Amnesty International welcomes the release today of four employees of the “Good Evening Benghazi” radio programme who were arrested yesterday after their programme was taken off the air on 14 February 2010. They were freed apparently after the intervention of Saif al- Islam al-Gaddafi, a son of the Libyan leader.

Amnesty International is urging the Libyan authorities to lift the suspension of “Good Evening Benghazi” and its employees and ensure that they and other media workers are freely able to exercise their right to freedom of expression without fear of harassment or arrest. Those arrested were Muftah al-Kibaili, general supervisor of the “Good Evening Benghazi” programme, and three other staff members - Suleiman al-Kibaili, Khaled Ali and Ahmed Al-Maksabi. All four were arrested at about 8 PM on the evening of 16 February outside the radio station in Benghazi’s Abd al-Min’im Riyad street, apparently after the head of the radio station complained that they had entered the building despite being banned from its premises. According to news sources, they were arrested under an order issued by the Secretary of the General People’s Committee for Public Security by security agents who arrived in several cars.

Two days earlier, the head of the radio station is reported to have told Muftah al-Kibaili and Suleiman al-Kibaili that they were being suspended.

On 16 February, journalist Ahmed Khalifa, another staff member, was prevented from entering the studio to present the programme. Until then, “Good Evening Benghazi” had been broadcast nightly and had reported on a range of social issues of wide public interest, such as increasing poverty and unemployment, health care, marriage and local services. As well, it broached on some subjects deemed sensitive by the Libyan authorities, including alleged corruption in the administration of justice and the incident at Tripoli’s Abu Salim Prison in 1996, when hundreds of prisoners are believed to have been killed by the security forces in circumstances that, more than 13 years on, the authorities have yet to clarify. The Abu Salim case is of particular interest in Benghazi, where families of victims have been vocal in demanding for truth, justice and adequate reparation.

These latest arrests of media workers are not the first time that “Good Evening Benghazi” has been targeted by the authorities. Lawyer ‘Adnan el-‘Urfi was arrested on 9 June 2009 after a “Good Evening Benghazi” broadcast in late May 2009 in which he reportedly said that the rule of law is not respected in Libya and recounted human rights violations endured by one of his clients. He was accused of insulting a public official, but cleared all the charges by a court in Benghazi on 12 September 2009. According to Libya Al-Youm online newspaper, “Good Evening Benghazi” programme presenter Ahmed Khalifa was called in for questioning by the public prosecutor’s office in Benghazi on 11 June 2009 in relation to statements made by ‘Adnan el-‘Urfi.
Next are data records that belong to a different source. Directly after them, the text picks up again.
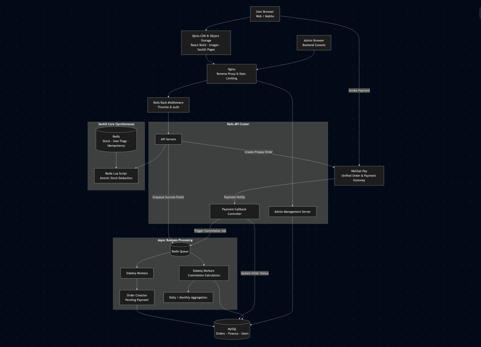 Each successful order triggered multi-level commission settlements, making the system both performance-critical and financially sensitive.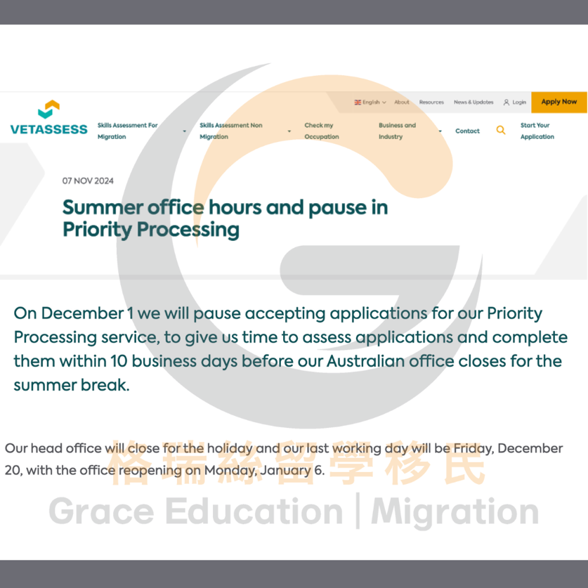 也就是说,从现在开始,想要在本年度递交职业评估,并拿到结果的赶上年末的州担或者189的同学,现在是最后申请加急的机会啦~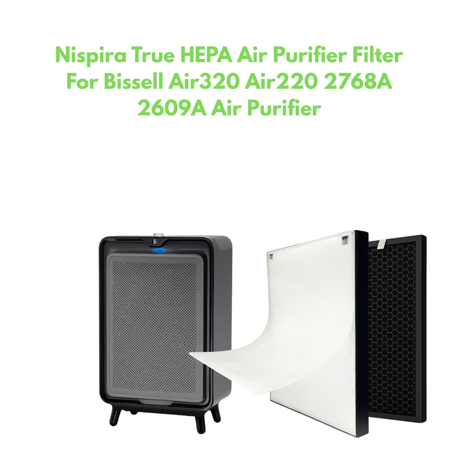 Nispira True HEPA Filter + Activated Carbon Pre Filter Compatible with Bissell Air220 Air320 Air Purifier 2609a 2768a Part 2677, 1 set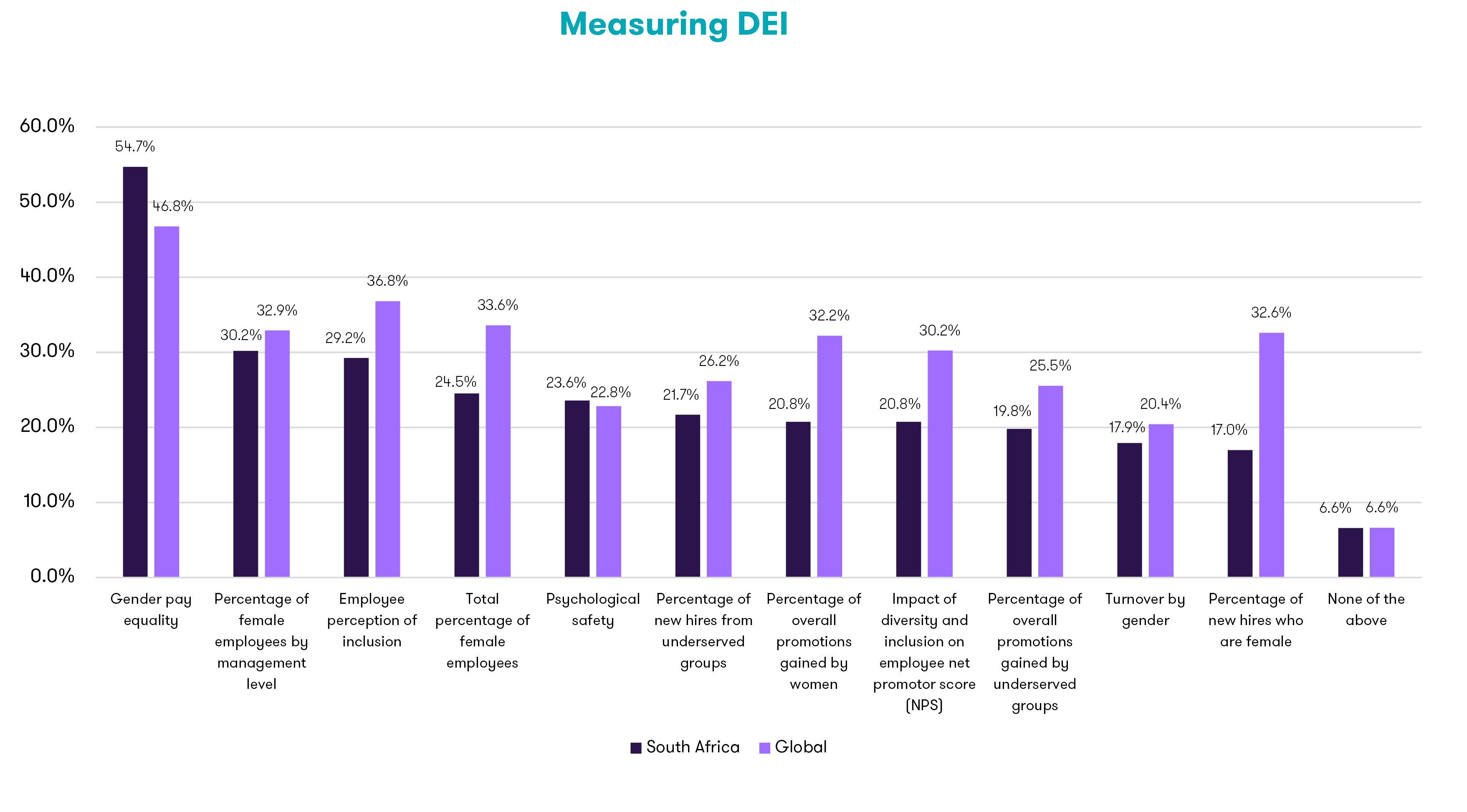 The analysis of the impact different measurements have on the percentage of senior management roles held by women reveals significant variation, as shown in the graph below. However, if there are clear indicators of DE&I performance being measured, businesses will outperform the global benchmark.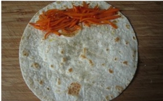9.把胡萝卜丝放入卷饼一边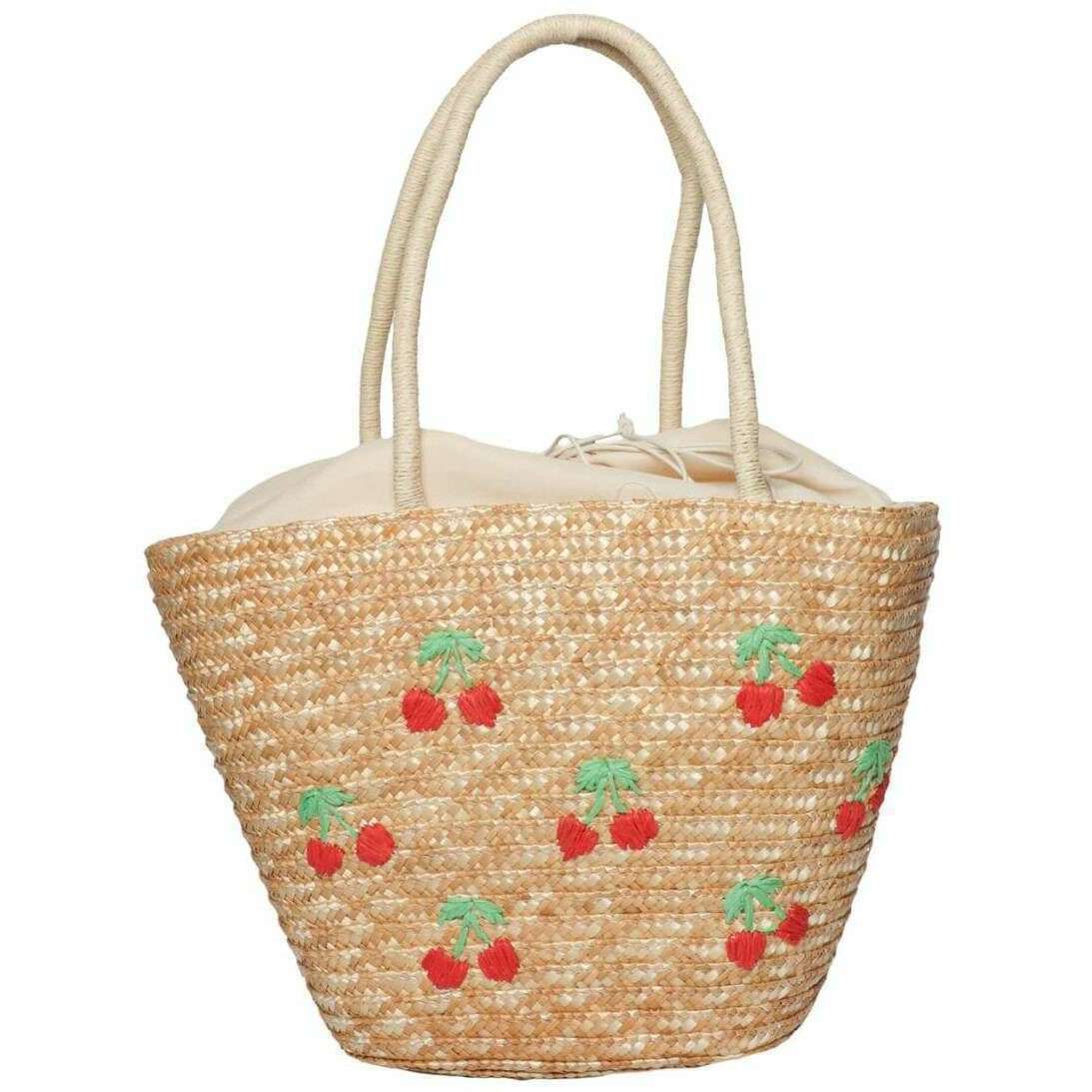 Manufactured from 80% wheat straw, 10% polyester and 10% paper is this brown women's cherries beach bag by the designer Zelly. It measures 28cm(height) x 38cm(width) x 15cm(depth). It is recommended to sponge clean to keep this bag in good condition. All the bags come complete with zelly tags. The Zelly Cherries Beach Bag - Brown perfect for taking to the beach, for a picnic or exploring a new city is a gorgeous straw bag that is not only sturdy but extremely lightweight great for all occasions. Featuring two handles great for carrying by hand or on your shoulder, an internal drawstring bag to keep your belongings safe and to keep sand out, a large main compartment so you do not have to leave anything behind and an internal pocket to keep your smaller items in one place. The sweet and delicate cherry design adds a summery and fashionable look.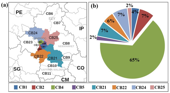 (a) Map of Silicon Fen, indicated by postcodes starting with CB. The coloured section in the figure shows different districts within which there are companies with at least one joint patent with UoC. (b) The percentage of joint patents based on the district.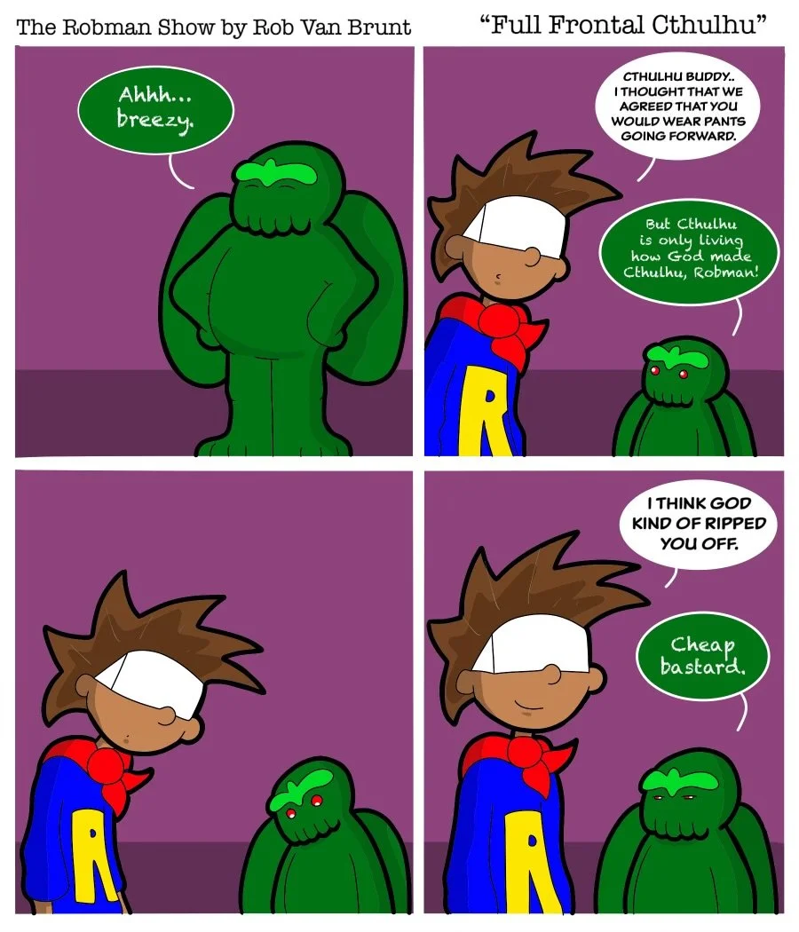 THE ROBMAN SHOW! Episode 117 “Full Frontal Cthulhu” Featured Nov 30 Written By Rob Van Brunt A new comic strip every Sunday morning from Rob Van BruntFollow The Robman Show on Instagram Rob Van Brunt For Classic Robman Show Comics Click Here!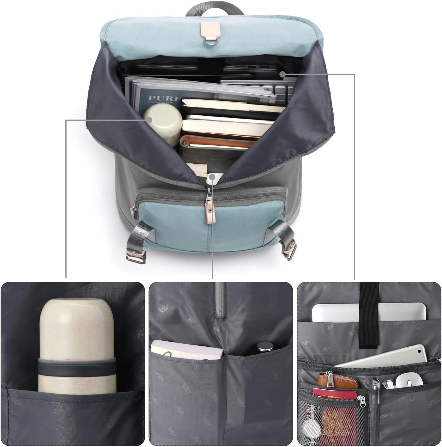 • 🎒【 Besondere Design mit Schnallen 】Im Gegensatz zu anderen Rucksack damen mit grosser Kapazität, ist diese cityrucksack mit einem V-förmigen Hauptfach ausgestattet. Sie müssen nur den Reissverschluss ziehen, Sie könnten alles finden, obwohl es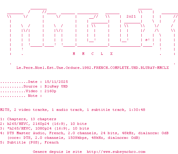 Voir le nfo de la release Le.Pere.Noel.Est.Une.Ordure.1982.FRENCH.COMPLETE.UHD.BLURAY-MMCLX
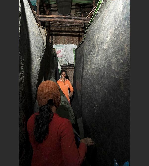 The rooms are dimly lit and have just one tube light. Practically everybody in this farm has learnt to work in the dark. While I was pondering over this I heard a voice call out my name. I squinted my eyes to find Karthik and saw him perched on the ledge below the roof, trying to spread a huge tarpaulin on the top.“When temperatures drop to single digits we are on our toes, literally,” he said, balancing himself on the bamboo ledge trying to tuck the tarpaulin by harnessing it around the bamboo support. I was impressed straightaway with what was going on there and it occurred to me that I should do a story about this.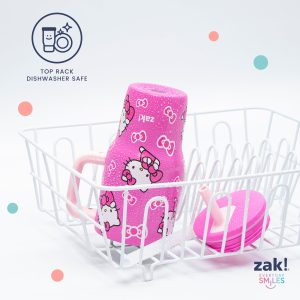 The 16-ounce Hello Kitty tumbler is made of durable stainless steel. with vacuum insulation that keeps drinks fresh and cool while stopping condensation and water rings. It has a silicone straw that’s comfortable to sip from. as well as sealed to the lid to help prevent splashes and spills. When you’re on the go. the handle gives you a secure grip and the tumbler fits in most car cup holders. making travel easy and convenient. And at the end of the day. the durable stainless steel straw tumbler is top rack dishwasher safe for easy cleanup! Use it with kids age 3 and up for cold drinks only. and do not microwave.

“Good Evening Benghazi” was also reported to have come close to suspension in November 2008 after a member of the public called the programme and criticized protests in support of Saif al-Islam al-Gaddafi after he announced that he was to retire from pubic life.

Background

The arrest of the four members of the “Good Evening Benghazi” programme comes at a time when freedom of expression and access to information have been dealt a heavy blow in Libya. Since 24 January, a number of websites based abroad which showcase material critical of the Libyan authorities or tackle sensitive issues such as the government’s human rights record, have been blocked by the authorities. Additionally, YouTube is no longer accessible from Libya. It features information on the Abu Salim 1996 prison incident, as well as videos of members of Libyan leader Mu’ammar al-Gaddafi’s family. On 21 January, two newspapers Oea and Cyrene, owned by Al-Ghad Media Corporation, a private Libyan company associated with Saif al-Islam al-Gaddafi, announced that they will no longer be published but only appear online. It was reported that the General Press Commission will no longer print them because of the Al-Ghad Media Corporation’s failure to pay its debts.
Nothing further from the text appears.